* **How to complete this task**: Repeat the records below exactly. Omit the pictures.

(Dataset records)
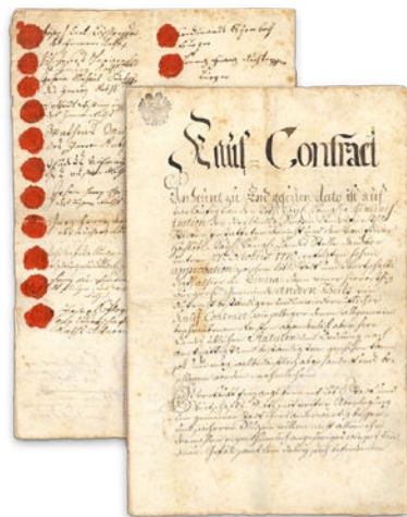
Freistädter Gründungsurkunde aus dem Jahr 1770.

Freistadt und das Bier sind seit der Gründung von Freistadt untrennbar miteinander verbunden. Mit der Meilenrechtsurkunde 1363 wurde der Grundstein der Braustadt Freistadt gelegt. Damit verlieh Herzog Rudolph IV. den Freistädter Bürgern das Recht, in ihren eigenen Häusern Bier zu brauen und auch auszuschenken.
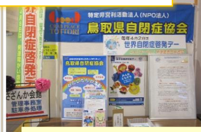
(特) 鳥取県自閉症協会
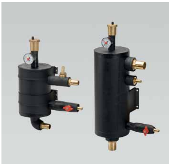
Art.630 - 2 Lt. Art.631 - 3 Lt. Art.632 - 7 Lt. Stainless steel insulated air bleeding tank with charge tap, manometer and automatic centralized air bleeder. Serbatoio separatore aria inox coibentato completo di rubinetto di carica, manometro e spurgo aria automatico centralizzato.
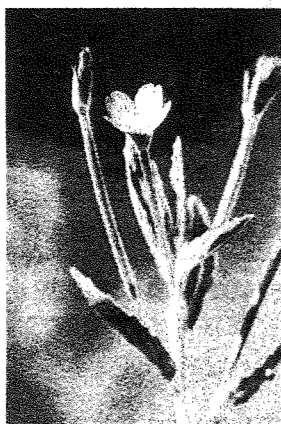
《アカバナユウゲショウ》

夕方頃に花を開き、白地に赤い化粧をしたような美しい花を咲かせることからユウゲショウ(夕化粧)と呼ばれる。実際は昼間でも花がみられる。
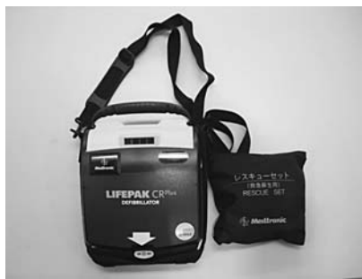
貸出用AED (自動体外式除細動器)

問 災害時のアマチュア無線の電源確保のため、発電機を配置しませんか。 答 発電機を各自主防災会に配置し、より効果的な救援活動ができるように検討します。
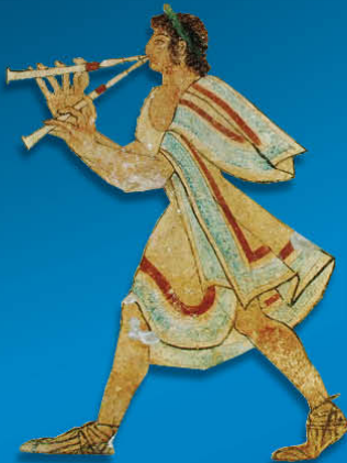
Étrurie - Joueur d'aulos
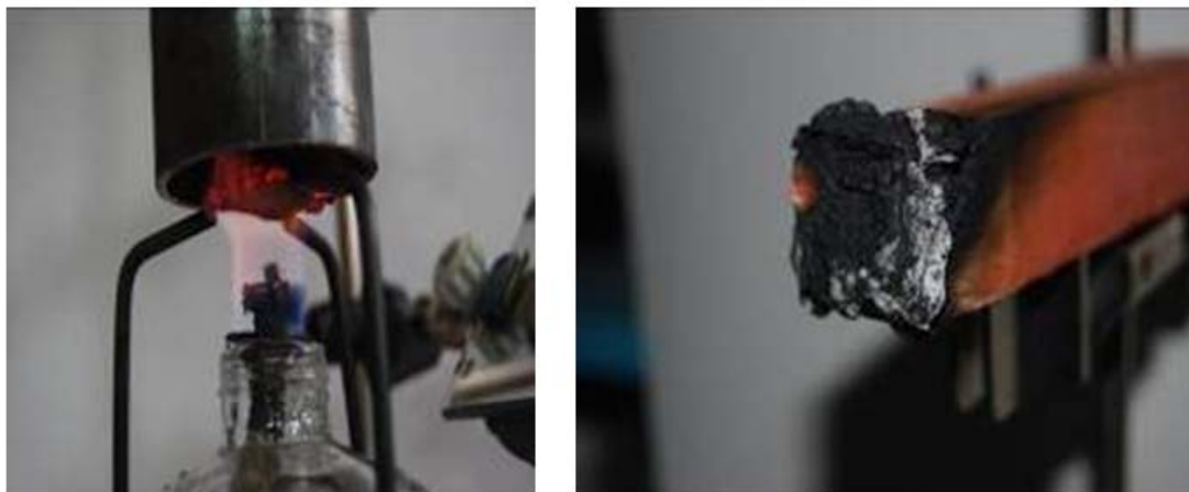
Рис. 3. – Испытания в установке «Огневая труба»

Разработанный авторами статьи состав модификатора на основе водорастворимых полимеров обеспечивает пожаростойкость I группы, потеря массы не превышает 9% (рис.3).
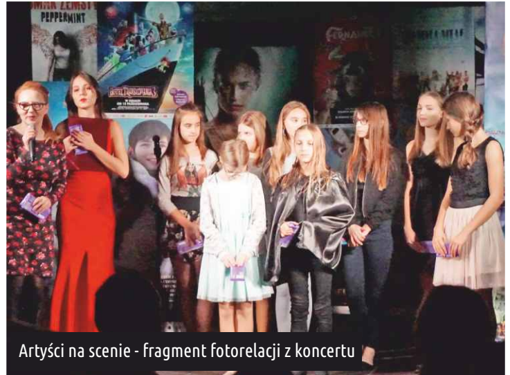
Artyści na scenie - fragment fotorelacji z koncertu
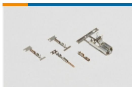
线对板连接器端子(4)
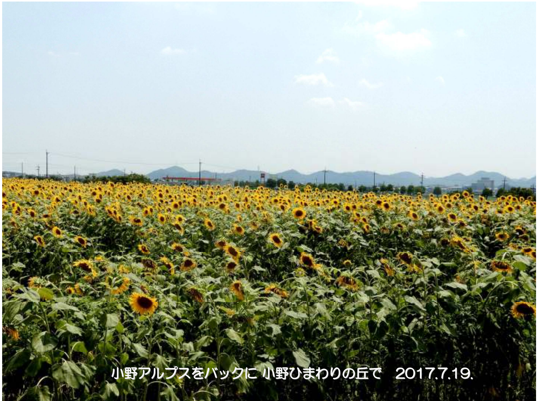
小野アルプスをバックに 小野ひまわりの丘で 2017.7.19.
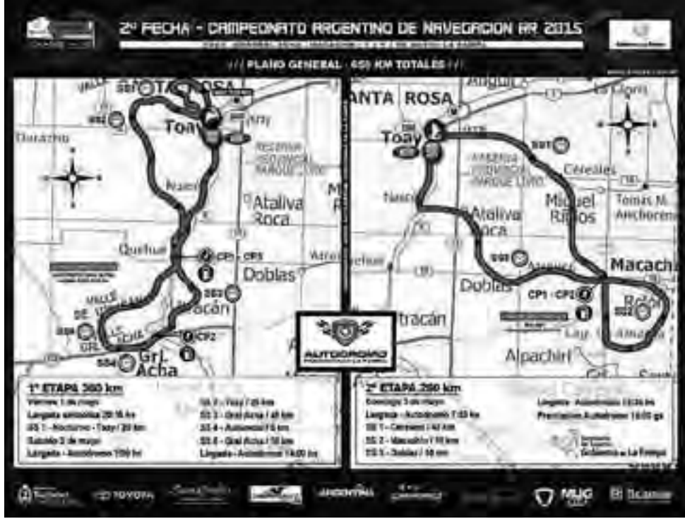
Recorrido oficial de la competencia "1er Rally Aventura La Pampa", 2ª fecha del Campeonato Argentino CaNav.

Lo dijimos en ediciones anteriores, el primer fin de semana largo de mayo cuando se disputa en el Autódromo Provincia de La Pampa la 4ta carrera puntuable de Turismo Nacional, también lo hará por caminos de la Provincia, la especialidad de carrera "rally raid" que organiza CANAV (Campeonato Argentino de Navegación). Es la segunda fecha puntuable 2015 y lleva por nombre "1er Rally Aventura La Pampa". El autódromo de Toay será el Vivac -como en el Dakar- ya que el campeonato de CANAV es similar al Dakar en el que participan pilotos de nivel amateur y profesional (motos, cuadríciclos, autos y camionetas) y es la antesala de entrenamiento para el gran evento internacional "Rally Dakar 2016". Es una carrera de navegación con una hoja de ruta prácticamente igual a la del Rally Dakar, donde se corre a full por caminos irregulares. Para esta fecha la organización espera unos 200 vehículos participantes, entre Motos, Cuatriciclos, UTV y Autos
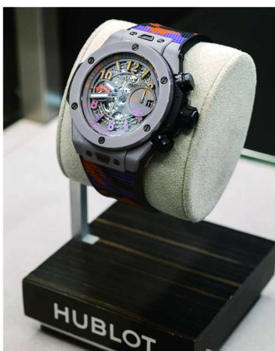
宇舶秉承“融合的艺术”突破性制表理念逐步推出融合创新设计的诸多腕表系列

中的不懈探索与跨界合作充分彰显了品牌“融合的艺术”精髓所在，更携手 SORAI 慈善组织以及“极地舱”（Polar Pod）探险项目开展环境保护相关合作，皆在展现品牌基于当今热点问题的高度关注。
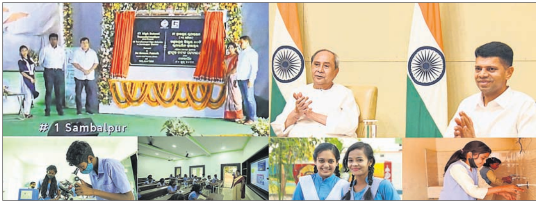
ଦ୍ୱିତୀୟ ପର୍ଯ୍ୟାୟର ସ୍କୁଲ ରୂପାନ୍ତରଣ କାର୍ଯ୍ୟକ୍ରମର ଶେଷ ଦିବସରେ ମୁଖ୍ୟମନ୍ତ୍ରୀ ନବୀନ ପଟ୍ଟନାୟକ ଓ ୫-ଟି ସଭ୍ୟ ଉ.କେ. ପାଠିଆନ ।

* **Output of the task**:
Freistädter Gründungsurkunde aus dem Jahr 1770.

Freistadt und das Bier sind seit der Gründung von Freistadt untrennbar miteinander verbunden. Mit der Meilenrechtsurkunde 1363 wurde der Grundstein der Braustadt Freistadt gelegt. Damit verlieh Herzog Rudolph IV. den Freistädter Bürgern das Recht, in ihren eigenen Häusern Bier zu brauen und auch auszuschenken.
(特) 鳥取県自閉症協会
Art.630 - 2 Lt. Art.631 - 3 Lt. Art.632 - 7 Lt. Stainless steel insulated air bleeding tank with charge tap, manometer and automatic centralized air bleeder. Serbatoio separatore aria inox coibentato completo di rubinetto di carica, manometro e spurgo aria automatico centralizzato.
《アカバナユウゲショウ》

夕方頃に花を開き、白地に赤い化粧をしたような美しい花を咲かせることからユウゲショウ(夕化粧)と呼ばれる。実際は昼間でも花がみられる。
貸出用AED (自動体外式除細動器)

問 災害時のアマチュア無線の電源確保のため、発電機を配置しませんか。 答 発電機を各自主防災会に配置し、より効果的な救援活動ができるように検討します。
Étrurie - Joueur d'aulos
Рис. 3. – Испытания в установке «Огневая труба»

Разработанный авторами статьи состав модификатора на основе водорастворимых полимеров обеспечивает пожаростойкость I группы, потеря массы не превышает 9% (рис.3).
Artyści na scenie - fragment fotorelacji z koncertu
线对板连接器端子(4)
小野アルプスをバックに 小野ひまわりの丘で 2017.7.19.
Recorrido oficial de la competencia "1er Rally Aventura La Pampa", 2ª fecha del Campeonato Argentino CaNav.

Lo dijimos en ediciones anteriores, el primer fin de semana largo de mayo cuando se disputa en el Autódromo Provincia de La Pampa la 4ta carrera puntuable de Turismo Nacional, también lo hará por caminos de la Provincia, la especialidad de carrera "rally raid" que organiza CANAV (Campeonato Argentino de Navegación). Es la segunda fecha puntuable 2015 y lleva por nombre "1er Rally Aventura La Pampa". El autódromo de Toay será el Vivac -como en el Dakar- ya que el campeonato de CANAV es similar al Dakar en el que participan pilotos de nivel amateur y profesional (motos, cuadríciclos, autos y camionetas) y es la antesala de entrenamiento para el gran evento internacional "Rally Dakar 2016". Es una carrera de navegación con una hoja de ruta prácticamente igual a la del Rally Dakar, donde se corre a full por caminos irregulares. Para esta fecha la organización espera unos 200 vehículos participantes, entre Motos, Cuatriciclos, UTV y Autos
宇舶秉承“融合的艺术”突破性制表理念逐步推出融合创新设计的诸多腕表系列

中的不懈探索与跨界合作充分彰显了品牌“融合的艺术”精髓所在，更携手 SORAI 慈善组织以及“极地舱”（Polar Pod）探险项目开展环境保护相关合作，皆在展现品牌基于当今热点问题的高度关注。
ଦ୍ୱିତୀୟ ପର୍ଯ୍ୟାୟର ସ୍କୁଲ ରୂପାନ୍ତରଣ କାର୍ଯ୍ୟକ୍ରମର ଶେଷ ଦିବସରେ ମୁଖ୍ୟମନ୍ତ୍ରୀ ନବୀନ ପଟ୍ଟନାୟକ ଓ ୫-ଟି ସଭ୍ୟ ଉ.କେ. ପାଠିଆନ ।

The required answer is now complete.